Yes: Exit these procedures; no further steps are needed.
No: Proceed to Section 3.13.3 Correct the SSH Key in the CSCF.
3.13.3 Correct the SSH Key in the CSCF
To correct the SSH key in the CSCF:
- Verify if there are any SSH key pairs in the Lifecycle
Manager (LCM):
ssh cloud-user@<VNF-LCM IP>
sudo su -
su - jboss_user
cd ${HOME}/.ssh
ls -l
- Are there any SSH key pairs returned to the screen?
Yes: Proceed with Step 4.
No: Continue with the next step.
- Create a SSH key pair:
ssh-keygen -t rsa
- Note:
- Press enter when the system prompts
a question.
Do not enter a password.
- Copy the public
key to the CSCF instance directory:
cp id_rsa.pub /vnflcm-ext/backups/workflows/vnfd/\
<VNFType__VNFVersion>/configurations/<instance>/Repeat this step for all CSCF instances that are managed by this LCM.
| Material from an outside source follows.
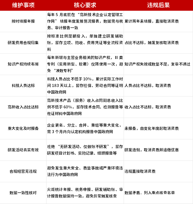 高企资质并非 “终身制”,资格有效期 3 年,期间需接受科技、财政、税务部门动态监管,做好以下 9 项维护工作,才能持续保住资质:

- Copy the public key into the emergency user
scp id_rsa.pub <emergency user>@<VNF IP>:
Repeat this step for all CSCF instances that are managed by this LCM.
- Add the public key to the authorized_keys file:
cat id_rsa.pub >> .ssh/authorized_keys
Repeat this step for all CSCF instances that are managed by this LCM.
- Log off from the CSCF:
exit
- Verify the new SSH key by following the instructions in Section 3.13.1 Verify the SSH Key in the LCM.
- If there are still authentication problems, contact the next level of support.
4 Troubleshooting Procedure
Troubleshooting a problem in the CSCF can require the use of one or more troubleshooting functions.
To assure an efficient location of the fault:
- Execute the CscfHealthCheck script to have an overall view of the CSCF node status. The execution results with FAIL/ VERIFY that must be checked. For more information about CSCF Health Check, see Section 2.3 CSCF Health Check.
- Check the alarms and the notifications. For information about how to view the alarms and the notifications, see Section 2.1.1 View Alarms and Notifications. For information about the CSCF alarms, see Section 4.2.
- Check the logs. For more information about logging, see Section 3.4 Logging.
- Check available information owing to Capsule Abortion.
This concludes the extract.